I didn’t know the songtaos stopped running at 10pm. Man…I’m more than a hour’s walk away from home and its midnight…this is going to be a long night. One block, five blocks, a mile, I still haven’t seen any taxi’s…wait, is that a tuktuk? They rip you, off, but at least I’ll get home. “Duang Kamon,” I tell the driver after waving him down. He says “Yes, yes” so enthusiastically, he has to know where I want to go. We drive for about fifteen minutes, and he starts to slow down on this secluded street. Secluded besides that scantily clad woman standing in the street….and another…and ten more….where are we? The tuktuk slows down, stops, he looks at me, puts on a huge smile and says, “Here you go!” “No no no no no no no!” I tell him. Five minutes of explaining, ten more minutes of driving, and forty extra baht later I’m home, far, far, far away from the red light district.

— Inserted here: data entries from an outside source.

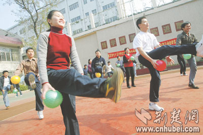 荊楚網(wǎng)(楚天都市報(bào))(記者潘勤實(shí)習(xí)生黃進(jìn) 蕭顥)昨日,江漢區(qū)民意街的晨練居民一大早就走進(jìn)了武漢市七十五中的校園,大家在操場上打拳、跳操、踢球,玩得不亦樂乎。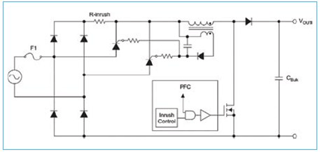 UCC28070 以連續(xù)導電模式 (CCM) 運行。同時,也可選用 UCC28060——以轉(zhuǎn)移模式 (TM) 運行。UCC28060 具備類似的優(yōu)點,這些優(yōu)點源于波紋電流的消除,但是同時還提供了一些較低成本的解決方案。最引人矚目的是,由于在轉(zhuǎn)移模式下運行時,不存在反向恢復條件,所以采用低成本的升壓二極管。在 UCC28070 或其設計中集成浪涌電流限制功能,只需將圖 3 中的浪涌電流組件添加到其中的一個相位電感上即可。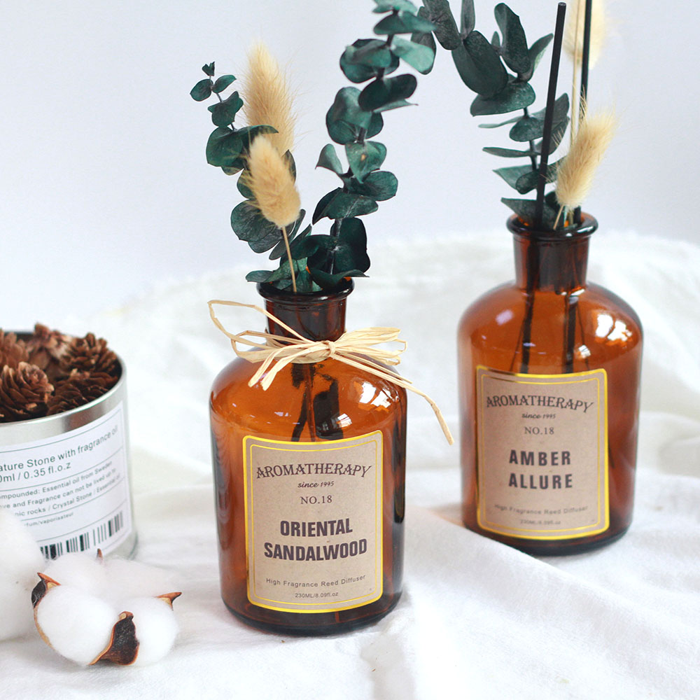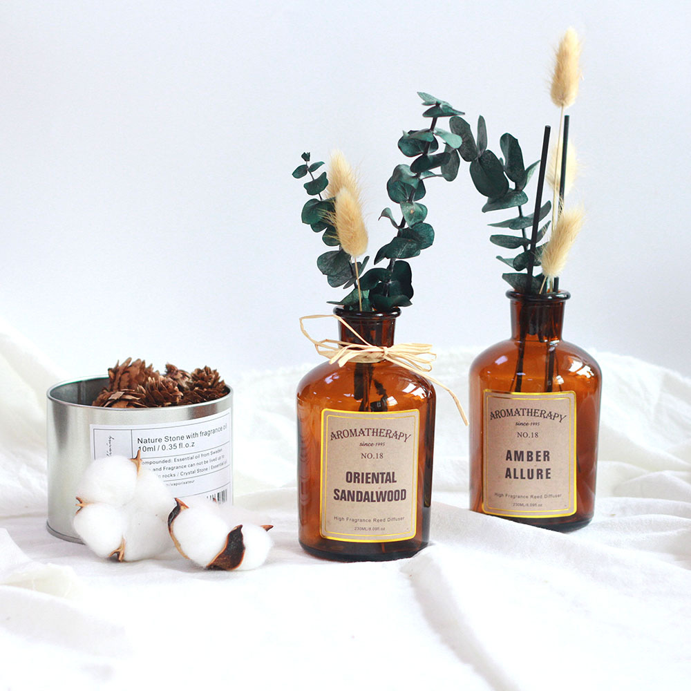 Products Description Style TT0176 Name 230ml brown bottle reed diffuser with eucalyptus and lagurus ovatus in tube Jar material Glass bottle…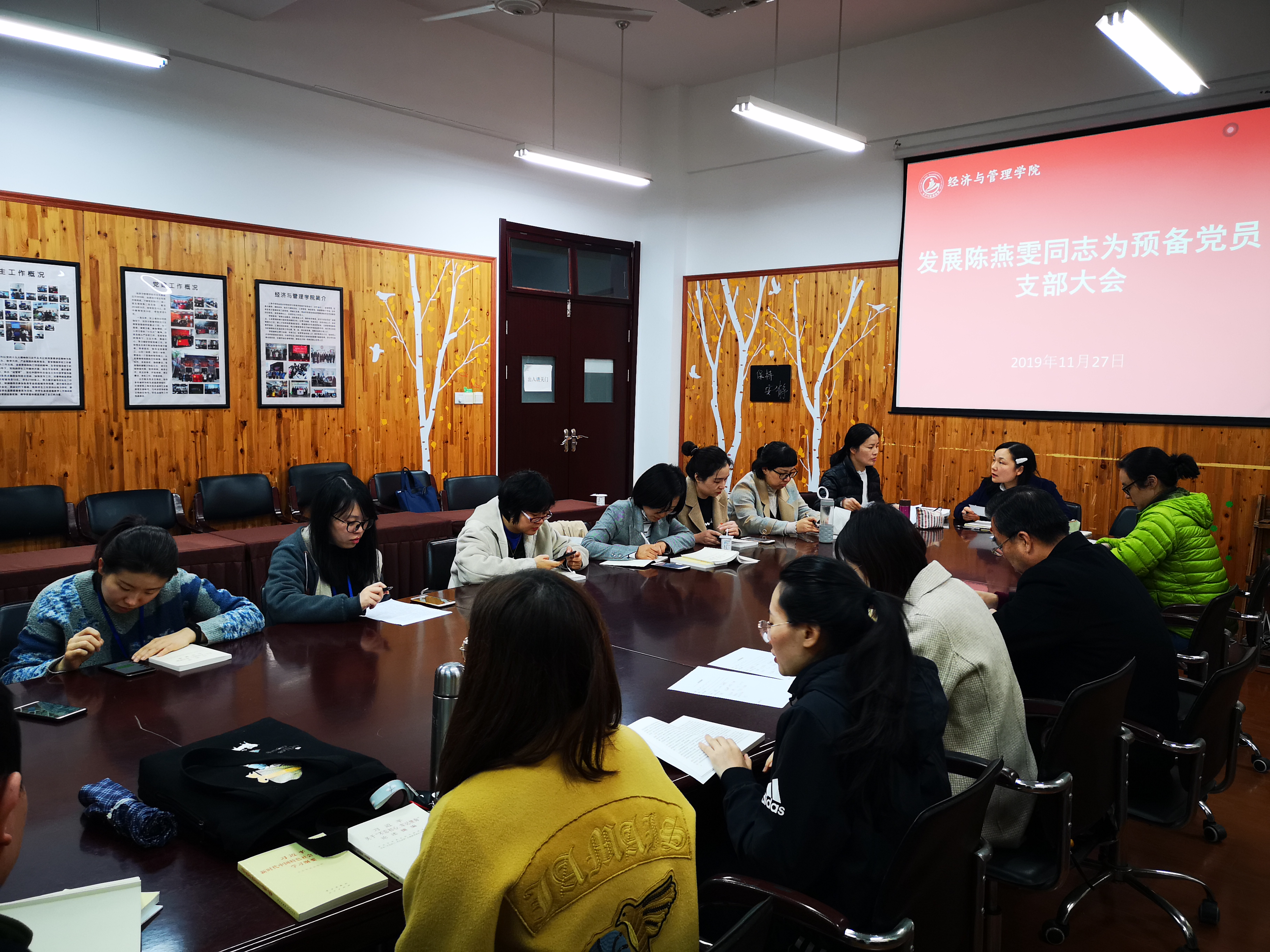 2019年11月27日,经济与管理学院第二党支部在三号楼313会议室召开接收陈燕雯同志为预备党员支部大会,会议由经管学院第二党支部书记杨慧同志主持。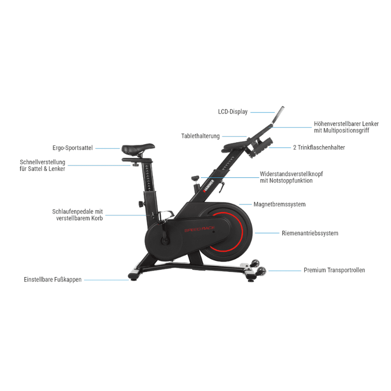 Tritt in die Pedale mit dem Bestpreis-Performer und steuere deinen Speed durch die moderne Magnetbremse. Das Hammer Racer Speedbike kräftigt deine Waden- und Oberschenkelmuskulatur und verbrennt dabei jede Menge Kalorien. Dein Herz-Kreislauf-System wird mit jedem Speed-Training gestärkt. Auch die Rumpfmuskulatur mit den vorderen und seitlichen Bauchmuskeln wird beim Indoor Cycling gefordert, besonders bei Temposteigerungen und im Stehen.

Transportation is crazy here, but it works. Tuktuks are tourist traps, and they can charge up to five times more than songtaos, which the locals use. Songtaos are small pickup trucks with two benches in the back. Some of them go on certain routes, but red songtaos will take you any where. So far on songtaos: I’ve cut my eye opening the door, talked trash about Dublin with some Irish women, arrived at four different destinations before the driver understood where I actually wanted to go, met a 17 year old monk from Napal, and have been totally ripped off driving up to the Buddhist temple, Doi Suteph.
The songtao could barely make it up the winding road up to Doi Suteph, but once we got there, we were greeted by dancing children, monks, and the most elaborate, gold-encrusted temple I’ve ever seen. It was a very peaceful place, but we were all overwhelmed. As great as my professors were at teaching the concepts of Buddhism at the university,I was not prepared to understand what was going on at Doi Suteph. It will be something to think about. I did receive a blessing from a monk, but I was mostly in it for the refreshing water he was sprinkling on visitors’ heads.
Songtaos have also taken me to my new apartment, above the shop of an eccentric dressmaker named Madame T. Immediately upon meeting her, she told me all about her son who had become a “lady-boy,” moved to Germany, and opened a dance club. As I laughed uncomfortably, she transitioned into presenting her business plan, which she had just acquired on a trip to Bangkok. This business plan was all in Thai, but she was so excited that I had to stay and hear the presentation.
The songtaos have been fun, but I think I’ll begin taking them less after this last ride to my apartment at Madame T’s. TIme to finally unpack my bags and buy a bicycle.